Whatever they’d end up doing with them still remained to be seen.
“Fine,” she said. “We’ll call it an innovative new sound instead of me being flat as shit. I guess I should be happy to have a complete take—that day felt like all I was good for was fucking up.”
“Hey,” John said, squeezing her foot. “Don’t talk about my wife that way.”
That had been their most impulsive move, although it also felt like the most deliberate thing they could’ve done.
“Hey,” John had said one morning while they were waiting for their café order.
“Do you realize that today is the twentieth anniversary of when we first met?” Micah’s tea was still hot by the time they’d come up with the idea and booked a quick weekend trip to Vegas.
They’d found a twenty-four-hour wedding chapel that boasted the Strip’s best Elvis impersonator, and were married before the clock struck midnight.
Micah didn’t know if the middle-aged man wearing a crooked wig and a too-tight white jumpsuit was the best , but then he’d crooned a pretty decent “Can’t Help Falling in Love” while Micah and John slow-danced under a ceiling dotted with twinkle light stars and she’d thought it was all perfect, actually.
She still got a thrill, seeing the ring around John’s finger when his hands were on her like this, when he was playing guitar, when they were at the sink doing dishes together, when he reached for her first thing in the morning when they woke up.
She couldn’t believe he was hers, that she got to live this life.
She rubbed her foot in his lap, gratified when she felt him getting hard beneath her.
“Steve’s going to be here in fifteen minutes,” John said. Their old bandmate had agreed to record drums on their songs—he’d been charmingly excited about it, had said a lot about how good it was to have a music scene again, as though two people could possibly be a scene.
“I can be quick,” she said.
He’d gotten up from his chair to lean against hers, his hands braced against the arms of the chair as she tilted her chin up for a kiss.
“I know you can,” he said, kissing down her jaw. “And it certainly would be one way to get you warm…”
“See,” she said. “These are healthy choices. Don’t you want to make healthy choices, John?”
But just as she’d started to pull him down onto her, they heard the doorbell from upstairs, followed by Steve’s distinctive shave-and-a-haircut knock.
“Fuck,” John said.
“Why does he use the doorbell and knock?” Micah said. “I never get it.”

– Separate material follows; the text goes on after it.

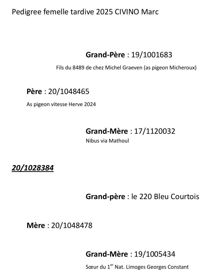 CIVINO MARC MICHEROUX II 1 femelle tardive 2025(voir Pédigree) Présente à la vente (Avenir & Sport Herve) Retour à la liste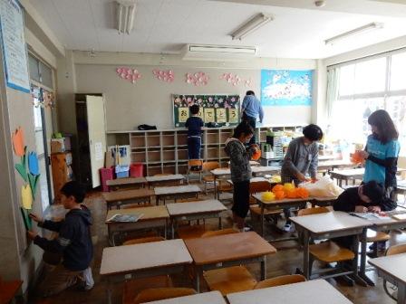 移動などを行っていました。廊下もきれいになり、飾り付けで教室も華やかになりました。

“No idea,” John said. “For a drummer, he also has the worst fucking timing. But we can’t just leave him out in the cold.”
She wrapped her hand around the back of his neck for one more kiss, then pushed at his chest. “Go,” she said. “We survived all those years of will-they-won’t-they sexual tension, I suppose an extra few hours aren’t going to kill us.”
“Says you,” John said, but he pressed a kiss to the top of her head. And then he went to answer the door.